My husband retired after 55+ years of doing engineering work and construction. We were having breakfast together on a weekday, a first day of him being home, a new experience for us.
“I wonder in all these years of doing engineering work and construction, you must have interesting experiences to share. Would you be willing to share a few with me?”
I have many, would be hard to choose a few.
Now, we have time, I smiled, choose any one that comes to your mind now.
Well, the first project we had in California. As you remember, we had several projects in Houston. When the Houston’s economy suffered greatly due to the oil industry collapse, all of the construction projects were impacted deeply. I remember it was during 1985-86 that many owners of the apartment complexes with low occupancy preferred to demolished construction projects, I think over 5500. It was a tragedy. We were desperately looking for options. We had a project, an apartment housing of 330 units. We had built about 100 units when the economy was impacted. We were forced to stop and the bank too over. The apartments that we were to be sold for 80 to 100,000 were sold for $18,000. There was no options for construction in Houston.
A friend of ours shared that some investors in Orange County have a 54 units apartment building looking for developers to do the project. The director came to Houston and we signed a contract in October of 1986. The blue prints were completed. My partner & I went to California and rented an apartment and started the project. Remember it was very difficult for me to be away from home with our three young children.
Yes, I do remember, we had to do what we had to do. It was tough for the whole family.
My partner had a health issue and had to return to Houston. We worked hard on this project day and night. One year later, We were working on the roof. I advised the project manage and the workers before asphalt close all the rain drains to prevent asphalt going into the drains. They did. After the roof was done, we heard there was possibility of rain that night. Before leaving, I advised everyone to open all the drains before closing for the day and went to my next appointment.

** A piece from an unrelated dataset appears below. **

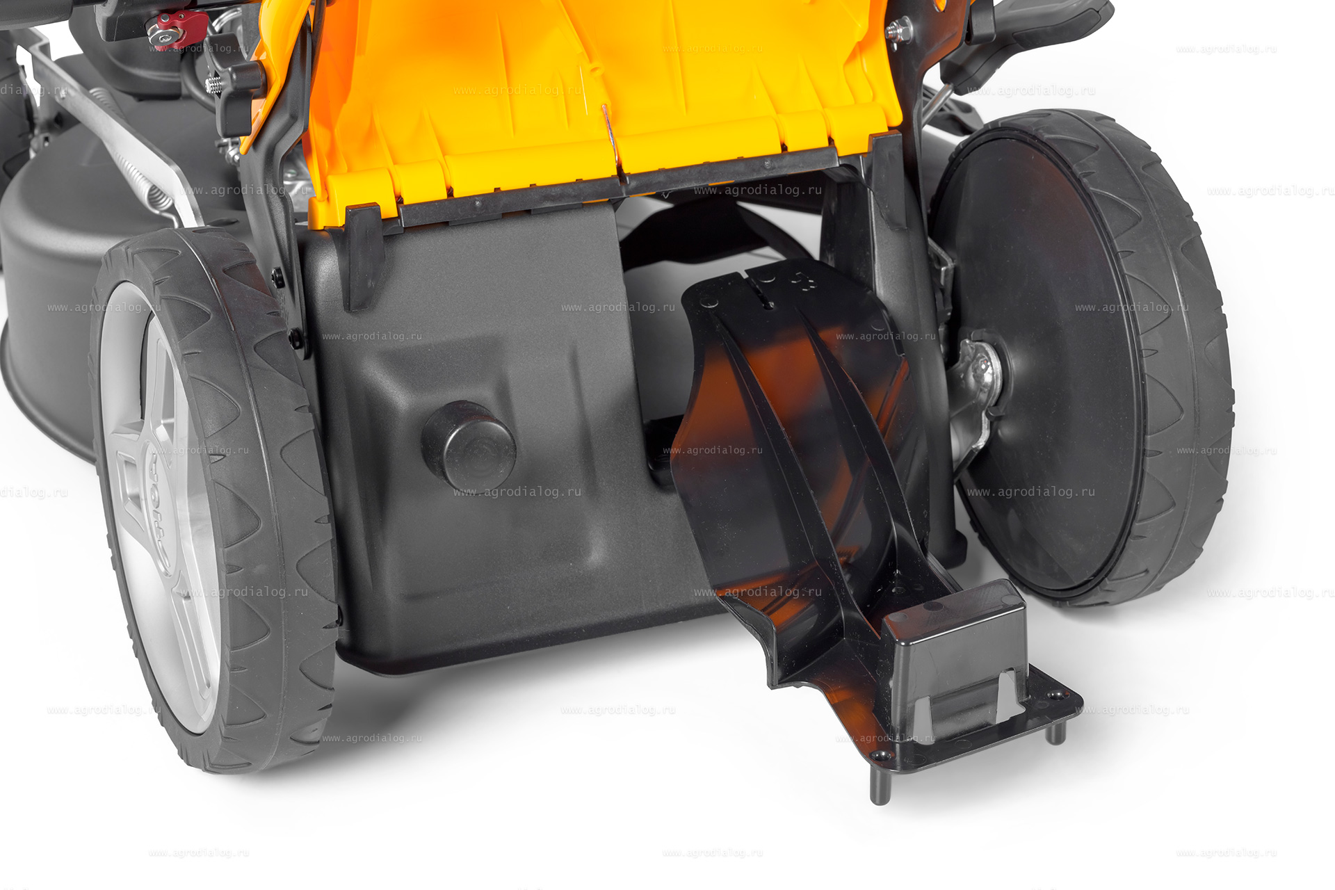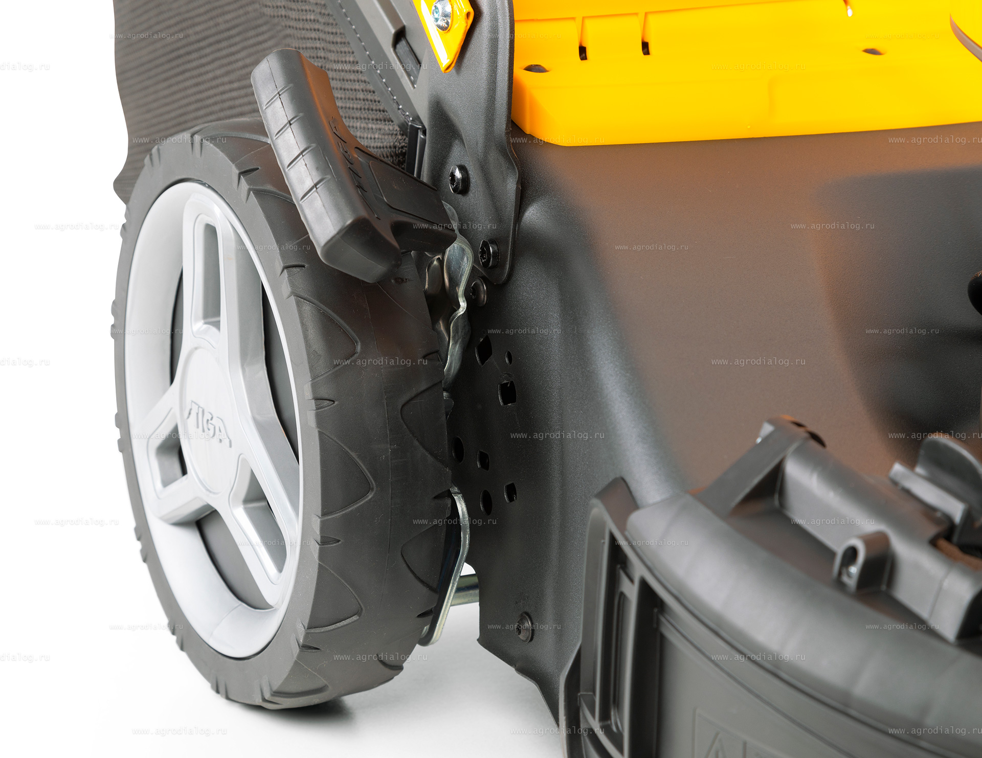 - Большие задние колеса облегчают маневрирование на участках со сложным рельефом.

That night it rained hard. It wasn’t just rain, a thunder storm and streets were blocked. It was an unusual rain for southern California. When I went to bed, I thought to myself I trust the workers had opened all the drains. With this heavy rain even if one drain is blocked, it may threat the roof collapsing. The rain became heavier. I couldn’t sleep. The thought of the roof coming down was occupying all of my mind. I got up about 1:30 am in the morning and drove to the project. I couldn’t see in front of me. The wipers were not working fast enough to be able to see where I was going. No one was there, only me, a dangerous drive. It took me a long time to get to the building. I couldn’t see well. I had to take the stairs to go to the roof on the 4th floor, no stair rails yet, no lights. With every step, I was taking a deep breath focusing all my attention on my steps. When I got to the roof, the water was to my ankle. The roof looked like a shallow pond. I don’t remember having had a flashlight with me. My glasses were wet, had nothing to wipe them with. I started checking the drains. I found three that had not been opened! To unplug them was a task I will always remember.
I got home around 4:30am that morning and when I went to bed was the time that I regularly woke up to go to the site. I will always remember that night.
Yes, I remember that night. I was insisting for you not to go fearful of having an accident. I thought you trusted the manager to do his job, yet I knew you had to go because it ultimately was your responsibility. I am grateful for your safety. You put your heart and soul in your work. I honor and respect your work ethics. I know the investors were people with dignity and integrity and became friends which makes the whole experience worth it.